*WHAT YOU NEED TO DO*. Exact copy, pictures excluded: please retype the lines from the start of the material through the line containing "Segundo os vizinhos, a", both ends included, and nothing more.

*RECORDED DATA*.
=== Section Start ===
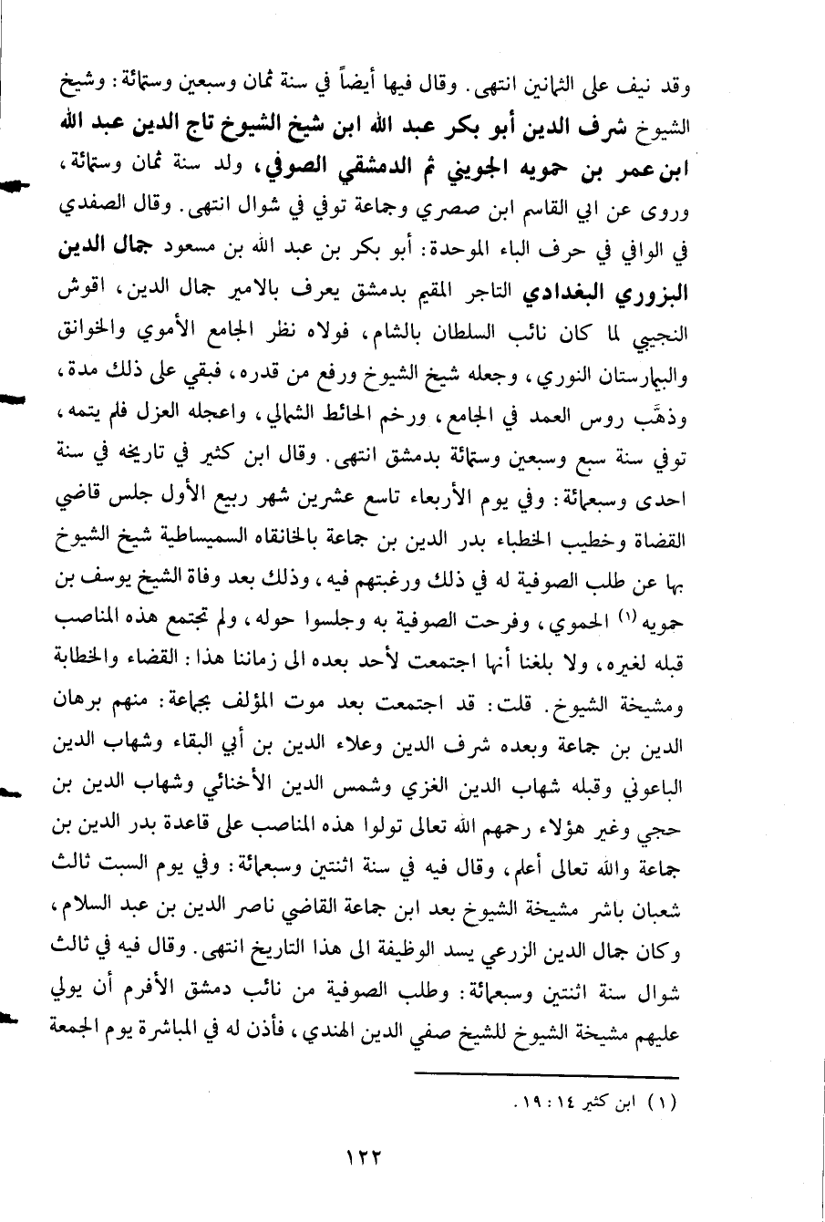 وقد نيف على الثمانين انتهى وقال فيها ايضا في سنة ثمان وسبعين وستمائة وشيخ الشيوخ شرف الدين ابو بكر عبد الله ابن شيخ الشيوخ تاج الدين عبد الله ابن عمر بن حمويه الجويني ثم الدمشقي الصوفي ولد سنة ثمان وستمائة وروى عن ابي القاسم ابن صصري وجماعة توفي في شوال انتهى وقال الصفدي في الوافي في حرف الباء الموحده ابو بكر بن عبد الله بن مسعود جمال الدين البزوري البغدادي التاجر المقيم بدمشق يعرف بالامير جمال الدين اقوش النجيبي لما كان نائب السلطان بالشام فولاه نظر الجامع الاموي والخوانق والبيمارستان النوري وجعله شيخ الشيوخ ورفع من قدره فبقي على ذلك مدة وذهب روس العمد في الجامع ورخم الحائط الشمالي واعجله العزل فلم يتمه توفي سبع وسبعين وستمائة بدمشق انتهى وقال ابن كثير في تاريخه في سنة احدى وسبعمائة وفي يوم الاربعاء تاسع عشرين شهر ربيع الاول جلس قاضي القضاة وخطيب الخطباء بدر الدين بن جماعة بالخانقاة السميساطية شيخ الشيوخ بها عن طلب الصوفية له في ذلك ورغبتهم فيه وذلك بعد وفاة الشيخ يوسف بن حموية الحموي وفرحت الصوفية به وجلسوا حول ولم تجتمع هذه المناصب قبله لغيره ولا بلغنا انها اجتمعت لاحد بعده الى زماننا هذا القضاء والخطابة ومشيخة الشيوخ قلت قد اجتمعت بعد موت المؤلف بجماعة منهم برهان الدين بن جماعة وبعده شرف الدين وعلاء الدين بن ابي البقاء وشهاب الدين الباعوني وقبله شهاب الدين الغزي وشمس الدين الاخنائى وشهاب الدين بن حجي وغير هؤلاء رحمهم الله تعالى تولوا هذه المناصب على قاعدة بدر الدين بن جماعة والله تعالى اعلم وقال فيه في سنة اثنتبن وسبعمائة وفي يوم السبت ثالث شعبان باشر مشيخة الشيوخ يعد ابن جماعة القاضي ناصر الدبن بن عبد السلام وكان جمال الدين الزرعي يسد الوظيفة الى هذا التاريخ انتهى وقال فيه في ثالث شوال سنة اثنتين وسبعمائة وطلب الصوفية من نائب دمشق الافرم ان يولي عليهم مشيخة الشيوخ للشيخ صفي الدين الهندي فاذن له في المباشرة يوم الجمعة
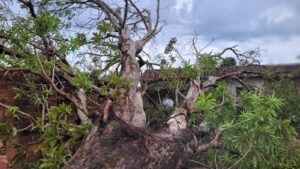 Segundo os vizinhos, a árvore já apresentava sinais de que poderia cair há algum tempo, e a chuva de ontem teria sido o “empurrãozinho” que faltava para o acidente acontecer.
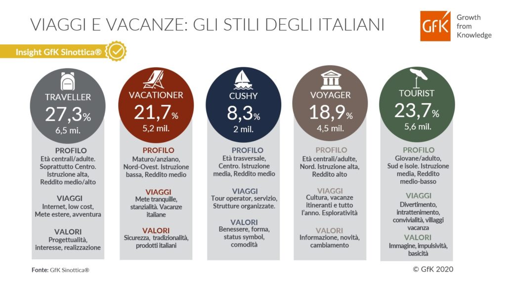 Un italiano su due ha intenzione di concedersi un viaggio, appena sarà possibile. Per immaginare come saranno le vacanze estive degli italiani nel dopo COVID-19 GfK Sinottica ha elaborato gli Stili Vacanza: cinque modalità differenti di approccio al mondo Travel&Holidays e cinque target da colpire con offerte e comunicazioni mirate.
=== Section End ===
*WRITTEN ANSWER*.
 وقد نيف على الثمانين انتهى وقال فيها ايضا في سنة ثمان وسبعين وستمائة وشيخ الشيوخ شرف الدين ابو بكر عبد الله ابن شيخ الشيوخ تاج الدين عبد الله ابن عمر بن حمويه الجويني ثم الدمشقي الصوفي ولد سنة ثمان وستمائة وروى عن ابي القاسم ابن صصري وجماعة توفي في شوال انتهى وقال الصفدي في الوافي في حرف الباء الموحده ابو بكر بن عبد الله بن مسعود جمال الدين البزوري البغدادي التاجر المقيم بدمشق يعرف بالامير جمال الدين اقوش النجيبي لما كان نائب السلطان بالشام فولاه نظر الجامع الاموي والخوانق والبيمارستان النوري وجعله شيخ الشيوخ ورفع من قدره فبقي على ذلك مدة وذهب روس العمد في الجامع ورخم الحائط الشمالي واعجله العزل فلم يتمه توفي سبع وسبعين وستمائة بدمشق انتهى وقال ابن كثير في تاريخه في سنة احدى وسبعمائة وفي يوم الاربعاء تاسع عشرين شهر ربيع الاول جلس قاضي القضاة وخطيب الخطباء بدر الدين بن جماعة بالخانقاة السميساطية شيخ الشيوخ بها عن طلب الصوفية له في ذلك ورغبتهم فيه وذلك بعد وفاة الشيخ يوسف بن حموية الحموي وفرحت الصوفية به وجلسوا حول ولم تجتمع هذه المناصب قبله لغيره ولا بلغنا انها اجتمعت لاحد بعده الى زماننا هذا القضاء والخطابة ومشيخة الشيوخ قلت قد اجتمعت بعد موت المؤلف بجماعة منهم برهان الدين بن جماعة وبعده شرف الدين وعلاء الدين بن ابي البقاء وشهاب الدين الباعوني وقبله شهاب الدين الغزي وشمس الدين الاخنائى وشهاب الدين بن حجي وغير هؤلاء رحمهم الله تعالى تولوا هذه المناصب على قاعدة بدر الدين بن جماعة والله تعالى اعلم وقال فيه في سنة اثنتبن وسبعمائة وفي يوم السبت ثالث شعبان باشر مشيخة الشيوخ يعد ابن جماعة القاضي ناصر الدبن بن عبد السلام وكان جمال الدين الزرعي يسد الوظيفة الى هذا التاريخ انتهى وقال فيه في ثالث شوال سنة اثنتين وسبعمائة وطلب الصوفية من نائب دمشق الافرم ان يولي عليهم مشيخة الشيوخ للشيخ صفي الدين الهندي فاذن له في المباشرة يوم الجمعة
 Segundo os vizinhos, a árvore já apresentava sinais de que poderia cair há algum tempo, e a chuva de ontem teria sido o “empurrãozinho” que faltava para o acidente acontecer.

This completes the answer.